Combating Tracheal Mites
- There is no effective treatment for tracheal mites, so the best advice is to keep your colonies strong and make sure you practice good hive management and cleanliness.
- Keep in touch with your local bee association to see if they have come up with any treatments.
These are parasitic mites that have now become endemic throughout most of the world. You will need to constantly monitor your colonies for levels of infestation, and if varroa is found, you must act quickly, or you risk the collapse of the entire colony. The varroa mite is about the size of a pinhead and is visible to the naked eye. It attaches itself to the body of the adult bee and feeds on it by piercing the skin. It eventually weakens the bee and spreads harmful pathogens and viruses.
- Bees need to be encouraged to groom themselves, and many beekeepers like to use powders such as powdered sugar or talcum sprinkled directly onto the bees. The powder does not harm the bees but incites them to groom and, because the mites cannot cling on to the bee, the majority will become dislodged and drop to the floor of the hive.
- Use a screened board (see blog 32) in the base of the hive so that when the mites drop through the mesh, they are unable to climb back up and reattach themselves.

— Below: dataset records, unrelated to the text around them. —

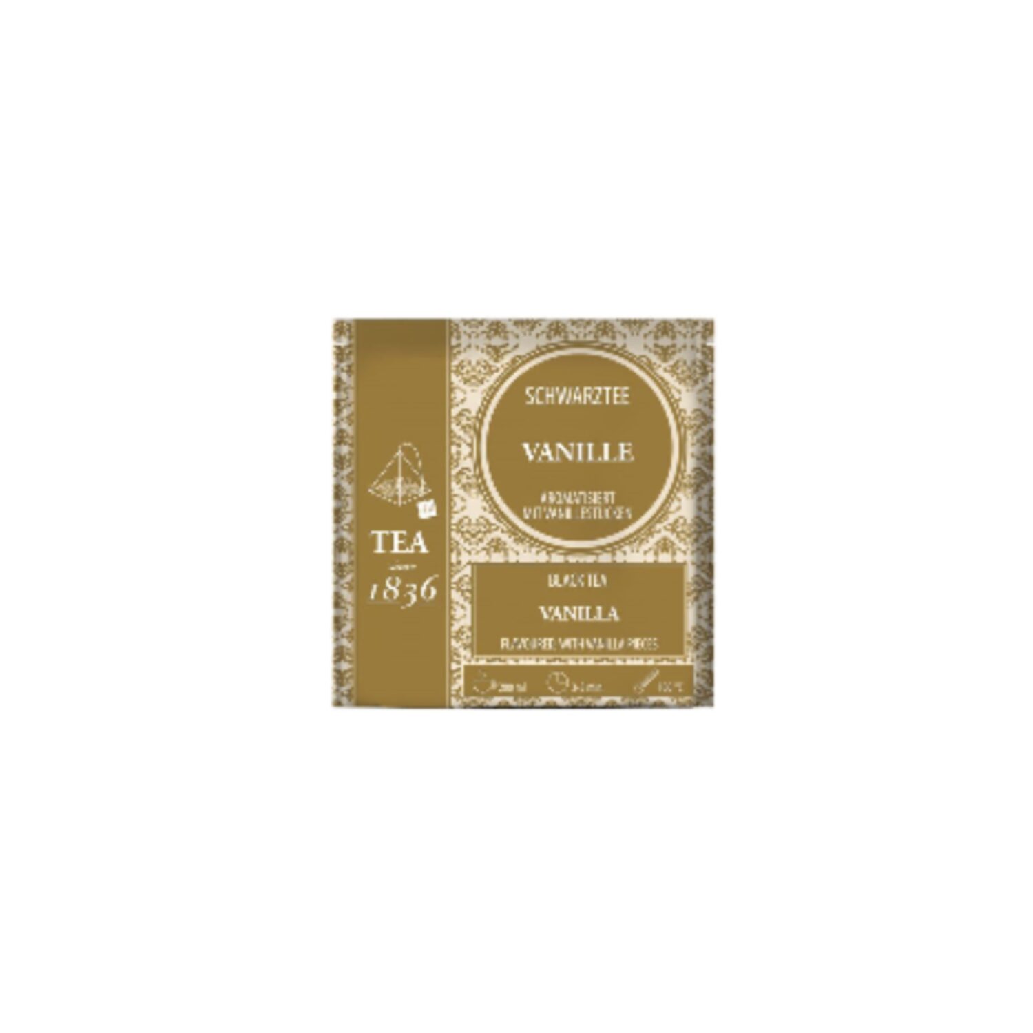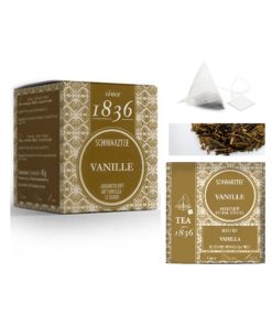 - “Vanille”: tè nero aromatizzato alla vaniglia con pezzi di vaniglia, in piramidi. (15 piramidi – 45 grammi).
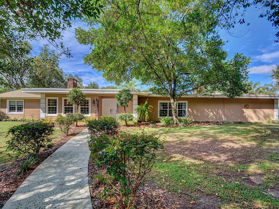 AMAZING HOME with a History on 16+ ACRES! Custom home owned by former Professional Football Player, Commentator & Actor: Dick Butkus, and improved by current owners. This is a home with space for a multi-generational family or for the person who wants land, privacy and a place for everything. A winding drive takes you to designated parking corral with a walkway to the front door, or to the 8 space Carport. Beautiful formal LIVING room with flag-stone, wood-burning fireplace, & French door to the Covered & Screened LANAI. Large formal DINING room. Kitchen offers stainless appliances, double sink and window looking to Lanai and rear yard. Space next to kitchen can be dinette. Spacious 23x21 FAMILY room with access to a study or exercise room. Split bedroom plan. Two bedrooms on one side of the house with 2nd bedroom having French door to the in-ground heated spa. Right side of the home offers guest bedroom, large utility room and entry to the master wing and office/ 5th bedroom. The MASTER Suite has a wall to wall brick fireplace and a sky light. Master bath has separate vanities and closets, fabulous soaking tub with plant shelves, lg walk in shower and wood beamed ceiling. Office/5th Bedroom has vaulted ceiling and striking wood ceiling and walls. Most remodeling 2003+. In ground open air POOL, PAVILION 32x31 set up for summer kitchen, bar, fire pit and various sitting areas. Pole barns, storage shed. Minutes from shopping, medical facilities, Stetson University & Downtown DeLand. Fabulous grounds!
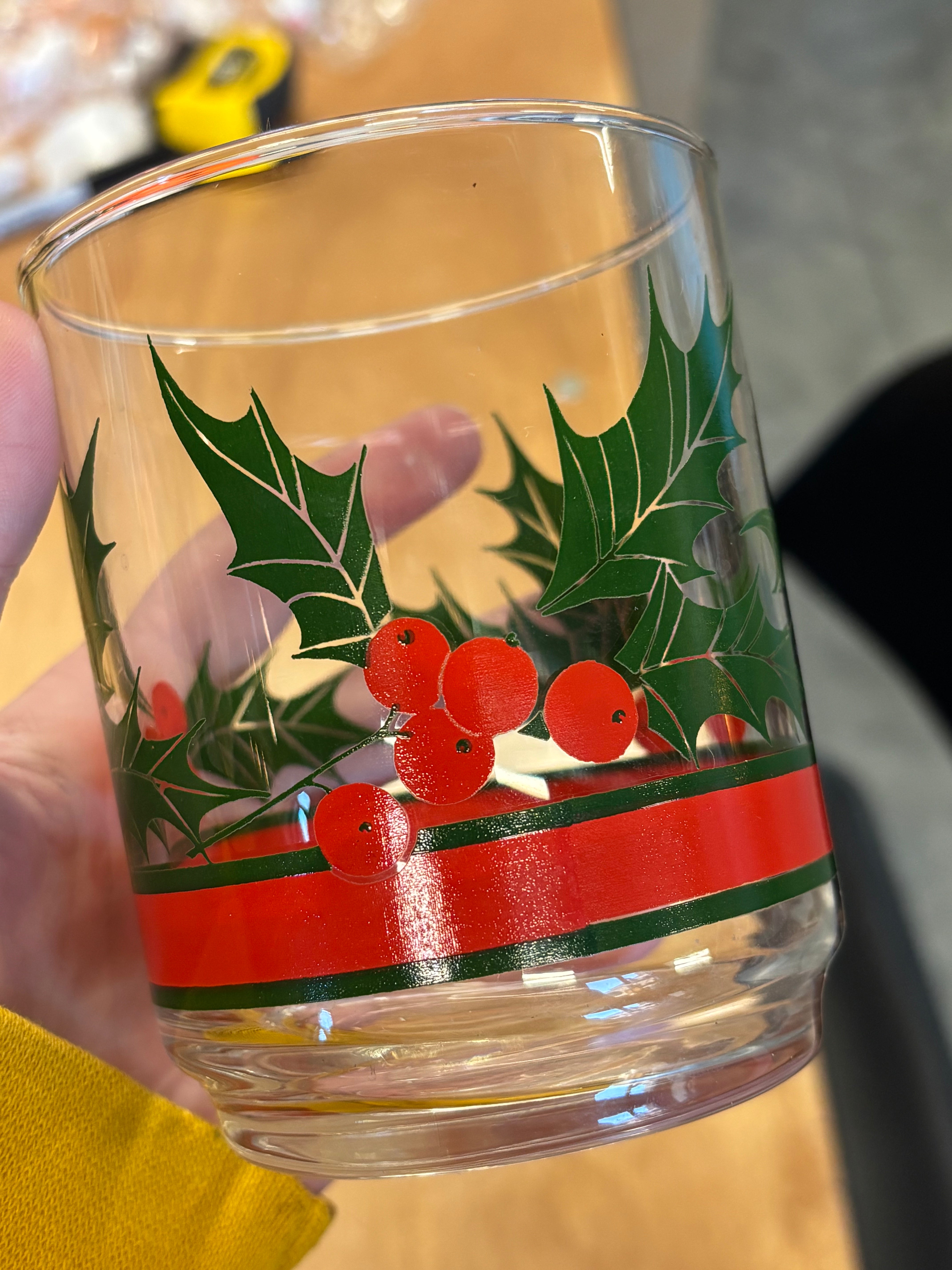 Bring some nostalgic holiday charm to your table with this set of 4 vintage Christmas glasses, featuring a bright red and green holly berry design wrapped around each tumbler. The bold, cheerful print and classic mid-century shape make these perfect for eggnog, cocktails, or festive punch.

- Buy chemical strips that, when hung inside the hive, are a slow-release treatment to control the varroa mite.
While wax moths can be a nuisance, they can usually be kept under control by the beekeeper and the bees themselves. This moth likes to lay eggs in the dark corners of the hive, and as they grow into caterpillars, they will start to feed on the wax, pollen, and honey stores and eventually on the bee larvae. If the colony is strong, they will force the moths out of the hive, but if you see any moths or eggs of the wax moth, remove them straight away. Always check in cracks and corners when you carry out your regular inspections.

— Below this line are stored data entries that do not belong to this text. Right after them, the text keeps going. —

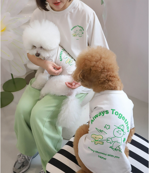 코튼볼 투게더 티셔츠 강아지 커플 견주옷 남녀공용 개플룩 나들이룩 대형견옷 M - 7XL
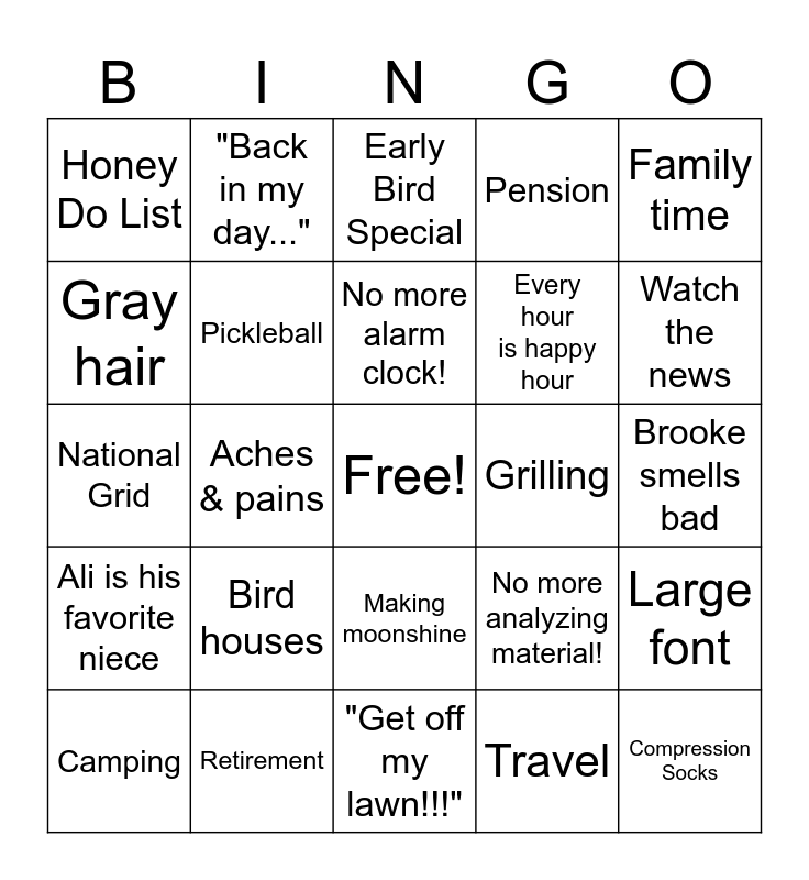 This bingo card has a free space and 28 words: Large font, Yard work, Every hour is happy hour, Travel, Gray hair, Early Bird Special, "Back in my day...", Ali is his favorite niece, Grilling, Camping, National Grid, Pension, Retirement, "Get off my lawn!!!", Watch the news, TWU Local 101, Bird houses, Pickleball, No more alarm clock!, Making moonshine, Honey Do List, Sleeping in, Compression Socks, Aches & pains, Brooke smells bad, No more analyzing material!, Family time and He earned it!.
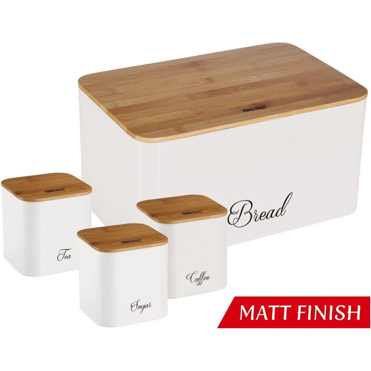 Kinghoff 1587 - Broodtrommel met voorraadbussen - Staal / bamboe
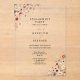With a harmonious blend of fun, whimsical, and formal aesthetics, this design balances classic and modern elements, offering minimalist calligraphy alongside lively bursts of rainbow wildflower elements. Whether your style leans toward traditional, neutral, and simple or embraces a bright and playful palette, this design seamlessly complements any wedding theme.
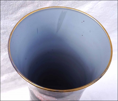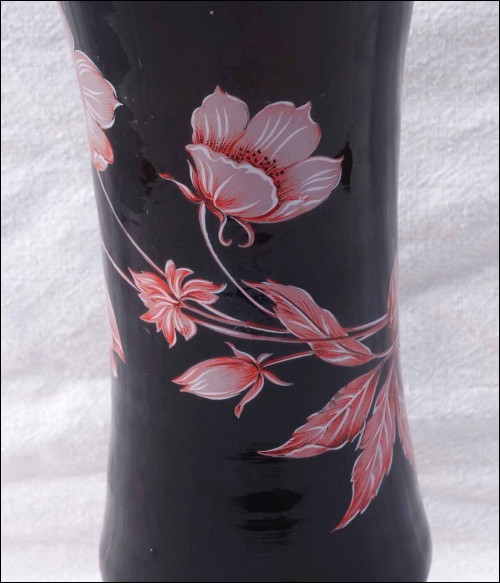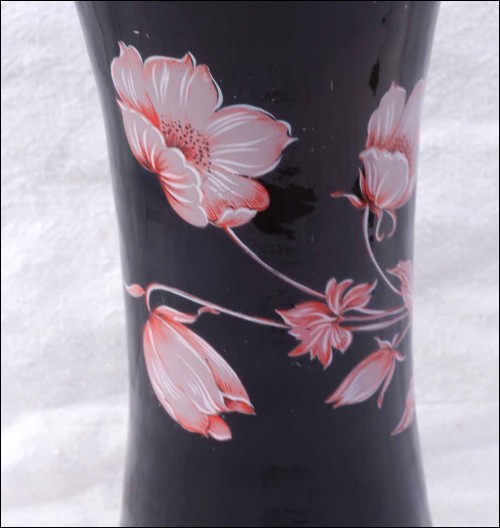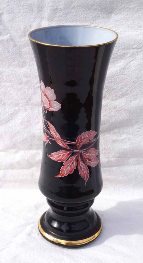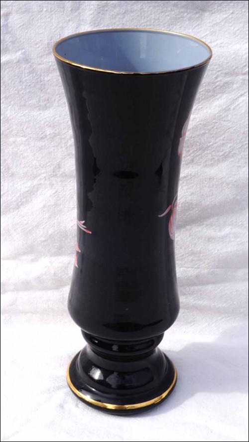 Vase en verre doublé noir réhaussé de fleurs en émail par Harrach verrerie vers 1950's. Hauteur 33cm, diamètre 12.8cm. Très bel état.

Wax moths can also be a nuisance in stored frames and combs, so either store them with some moth balls or crystals or place them in a freezer—these pests cannot survive the cold.
As yet there are no definitive answers to the question of why whole colonies of bees are suddenly collapsing in many countries. However, there are many theories, which include stress, malnutrition, genetically modified crops, and overuse of antibiotics and pesticides.
If your bees are near a farm, it is worth checking with the farmer if he is intending to use pesticides. Ask him to notify you before spraying so you will have time to close up your hive and cover it over during this time.
Always handle your bees calmly, and if you have to move them do it in the evening when the colony is quiet to avoid stress.